YOU HARDLY SPEND TIME WITH THE NEWLYWEDS
In amongst all of this, you maybe get to talk to the couple who got married – your friends – for 10 minutes. If you're lucky. The rest of the time is spent enduring small talk with strangers and judging drunken antics.
Those are only the logistics of why I don't need wedding invites anymore. I also genuinely think we, as a culture, are too sensitive about what not getting invited "means".
It doesn't signify that you're not important. Nor that you're not close enough. Or that you've done something to wrong them, or you've embarrassed yourself at past events and are seen as an undesirable guest.
More likely, it's for budgetary reasons, the couple doesn't want to ask you to travel, they want to keep the wedding small, or something else. No matter what, every reason for non-invitation is legitimate. And you can't hold it against the betrothed. Their wedding is about them and what they want. Every decision is their own – for you, it's just another day.

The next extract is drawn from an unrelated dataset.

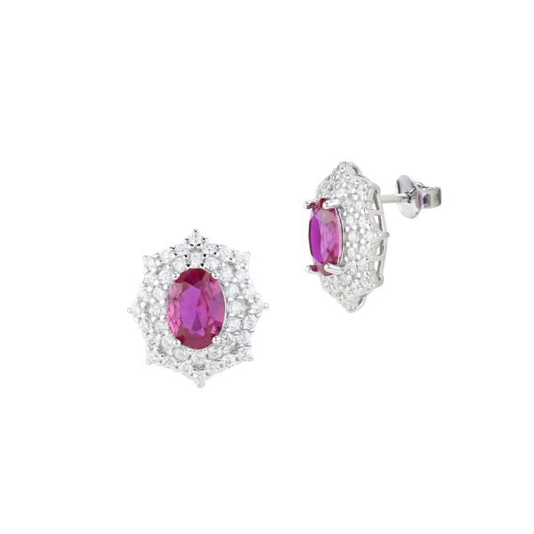 Orecchini rodiati con cristallo di colore rubino e corona di zirconi bianchi.

So here's my proposal for everyone I know that will get married, with the exception of very close mates who want me in the wedding party: You don't have to invite me to your wedding. Save your money.
Instead, let me take you out for dinner to celebrate after the fact. We can eat, drink, be merry, and have proper conversations. I'll even take you dancing if you want. No stress, no travel, no cost to you, no disgruntled or entitled other guests to worry about. Let us just get together casually and honour your commitment outside of the socially-expected fanfare.